According to the United Nations, the recent wave of migrants represents the largest dislocation of people since the Second World War. The estimated number of migrants in Europe runs in the hundreds of thousands, up to over a million registered asylum seekers.
Thus, the term “migrant crisis,” which is useful shorthand, but doesn’t allow for the scale and scope of human suffering involved.
As Europe struggles to cope with the influx (via the sea from Turkey or Libya into Greece or Italy, for the most part), America is bracing for the expected spillover.
Time to Think Bigger About the Refugee Crisis
Bono – The New York Times
Europeans have come to realize — quite painfully in the past year or two — that the mass exodus from collapsed countries like Syria is not just a Middle Eastern or African problem, it’s a European problem. It’s an American one, too. It affects us all….

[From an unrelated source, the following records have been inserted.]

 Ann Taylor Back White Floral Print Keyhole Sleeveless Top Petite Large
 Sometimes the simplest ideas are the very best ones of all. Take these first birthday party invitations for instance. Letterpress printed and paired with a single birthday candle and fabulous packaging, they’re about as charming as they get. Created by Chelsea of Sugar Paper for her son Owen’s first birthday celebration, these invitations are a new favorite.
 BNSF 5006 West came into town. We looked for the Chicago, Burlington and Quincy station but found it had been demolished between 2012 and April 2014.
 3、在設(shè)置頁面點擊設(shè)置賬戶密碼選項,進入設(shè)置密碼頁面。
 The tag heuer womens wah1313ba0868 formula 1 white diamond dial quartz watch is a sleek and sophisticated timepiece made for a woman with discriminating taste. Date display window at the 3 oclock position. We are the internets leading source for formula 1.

…[S]ome Western governments have been cutting overseas aid to spend money instead on asylum-seekers within their borders. But it is less expensive to invest in stability than to confront instability…. Because chaos, as we know all too well, is contagious.
What we don’t want and can’t afford is to have important countries in the Sahel, the band of countries just south of the Sahara, going the same way as Syria.

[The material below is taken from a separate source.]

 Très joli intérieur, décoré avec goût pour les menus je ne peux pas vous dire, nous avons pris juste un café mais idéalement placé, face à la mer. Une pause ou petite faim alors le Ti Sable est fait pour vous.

If Nigeria, a country many times larger than Syria, were to fracture as a result of groups like Boko Haram, we are going to wish we had been thinking bigger before the storm.
Misery on the March: EU Mitigates Migration Crisis, but War Drives It
Pittsburgh-Post Gazette – The Editorial Board
It is also difficult to sort out the difference between refugees, truly in danger at home, and economic migrants, looking for a better life in richer Europe. The EU worked out a complicated procedure by which true refugees are accepted in EU states in return for economic migrants who are repatriated to Turkey, marked to return to their countries of origin by the Turks.
It appears that the actual agreed-upon procedure is working. The returnees, presumably, are carrying the message back to those considering the risky sea journey that it isn’t worth the money or the danger to their lives…. It may seem hard to deny a better life to unsuccessful migrants, but the justice of a measured flow into Europe cannot be denied. The end of the wars in their home countries that prompt and force them to leave is the only real solution to the migrant problem and deserves intense, continuing work.
Refugees Need Facts as Well as Food
Zora O’Neill – USA Today
For a couple of fleeting months, the system was working reasonably well. But now we’re back at a point dangerously close to last summer’s chaos and stress, thanks to the March agreement between the European Union and Turkey. Under that alarmingly imprecise deal, all people arriving on the Greek islands are considered — well, what, exactly?
No one, including the Greek police who began deporting refugees April 4, appears to understand who should be deported and when. The police now admit they might have accidentally deported 13 people who should have been allowed to apply for asylum.
Meanwhile, the tension among refugees is mounting again.
Those who have arrived in the past few weeks are confined in detention centers that are growing more crowded each day. The deal was meant to deter people from taking boats to Greece, but the smuggling traffic has not stopped — probably because there is equally little information available in Turkey. On Lesbos and Chios, there have been hunger strikes, fistfights, vocal protests and attempted suicides.
WATCH: Excerpts from Senate Appropriations Committee Hearing (April 12) on Violent Extremism and the Role of Foreign Assistance. Sen. Lindsay Graham, Former National Security Adviser Gen. James Jones, Deputy Secretary of State Anthony Blinken and Bono testify about how spending now to help Syrian refugees is an investment in stopping violent extremism.
Out of Africa
Thomas L. Friedman – The New York Times
Just as Syria’s revolution was set off in part by the worst four-year drought in the country’s modern history — plus overpopulation, climate stresses and the Internet — the same is true of this African migration wave. That’s why I’m here filming an episode for the “Years of Living Dangerously” series on climate change across the planet, which will appear on National Geographic Channel next fall. I’m traveling with Monique Barbut, who heads the U.N.Convention to Combat Desertification…
Says the U.N.’s Barbut, “Desertification acts as the trigger, and climate change acts as an amplifier of the political challenges we are witnessing today: economic migrants, interethnic conflicts and extremism.” She shows me three maps of Africa with an oblong outline around a bunch of dots clustered in the middle of the continent. Map No. 1: the most vulnerable regions of desertification in Africa in 2008. Map No. 2: conflicts and food riots in Africa 2007-2008. Map No. 3: terrorist attacks in Africa in 2012.
All three outlines cover the same territory.